European competition law is a legal field most closely associated with tackling the negative manifestations of market power. Article 102 TFEU provides a prohibition against abuse of a dominant position by undertakings that reach a prescribed threshold of market power within a specific relevant market. While corporate bigness is not prohibited as such, dominant undertakings hold a special responsibility not to engage in abusive behaviour, which can broadly be divided into exploitative and exclusionary categories. The former relates to a dominant undertaking exploiting its customers directly e.g., through excessive prices, and the latter refers to artificially raising barriers to entry and expansion and excluding competitors from the market. To find Article 102 TFEU infringement, competition authorities are required to establish a logically consistent theory of harm, which must articulate how firms’ behaviour harms competitors and consumers. That is done in reference to different parameters of competition – price, choice, quality, and output – and ultimately, consumer welfare.

European competition law offers an original perspective for addressing user influencing practices. This is because harms to individuals (e.g., privacy violations, autonomy and choice limitations, financial loss) are linked to user influencing discourses but fall outside the scope of competition law enforcement. Nevertheless, in the digital economy, where user influencing can occur in a large-scale systemic manner, harms can have a collective dimension too (e.g., manipulation of the demand side of the market, discrimination). Collective harms are relevant in the context of European competition law. When viewed through an exclusionary abuse lens, user influencing could become the means for dominant undertakings to engage in abusive leveraging conduct, such as anticompetitive self-preferencing, algorithmic  tying and bundling, or algorithmic rebate schemes. It can also lead to exploitative abuses, such as personalised exploitation. In these circumstances there is nothing, in principle, precluding competition authorities from applying the existing theories of harm to user influencing practices that harm consumer welfare.
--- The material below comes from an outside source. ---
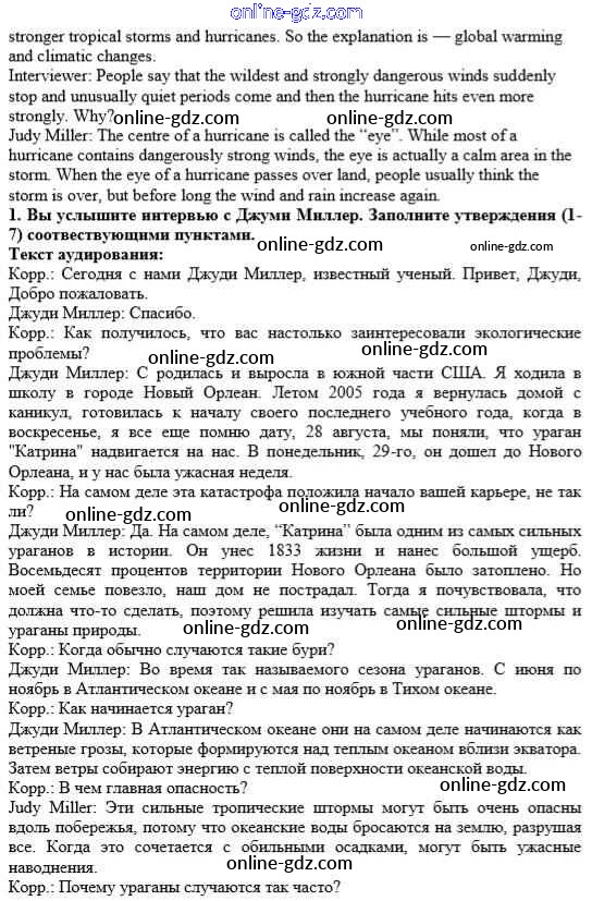 Готовые домашние задания по Английскому языку за 10 класс Учебник Афанасьева, Михеева Rainbow Базовый уровень 2016 - Step 11 Unit 3. In Harmony with Nature 1

It follows that European competition law enforcement against harmful user influencing practices may be plausible, despite the availability of other regulatory instruments. This is because in the EU competition law and regulation are generally viewed as complementary to each other. In particular, as competition law and regulation have different goals, the latter, even when adequately enforced, does not necessarily address harms to competition and market structure. Competition law may also be enforced in regard to the issues that fall in the gaps of ex ante regulation or that are not sufficiently addressed by it. Furthermore, the case law confirms that Article 102 TFEU can be invoked irrespective of whether an undertaking conforms  with other relevant legal rules.

A Pragmatic Role for Competition Authorities

In this blog post, I argue that user influencing and its harms are multifaceted phenomena that require multifaceted solutions and competition law, too, has an active role to play. However, it must be underscored that there is a difference between what European competition law can do and what it should do. After all, when push comes to shove, enforcement authorities have limited resources and institutional constraints, requiring them to make strategic choices about cases to be pursued. Therefore, there is a need for competition authorities to adopt a pragmatic approach to user influencing challenges.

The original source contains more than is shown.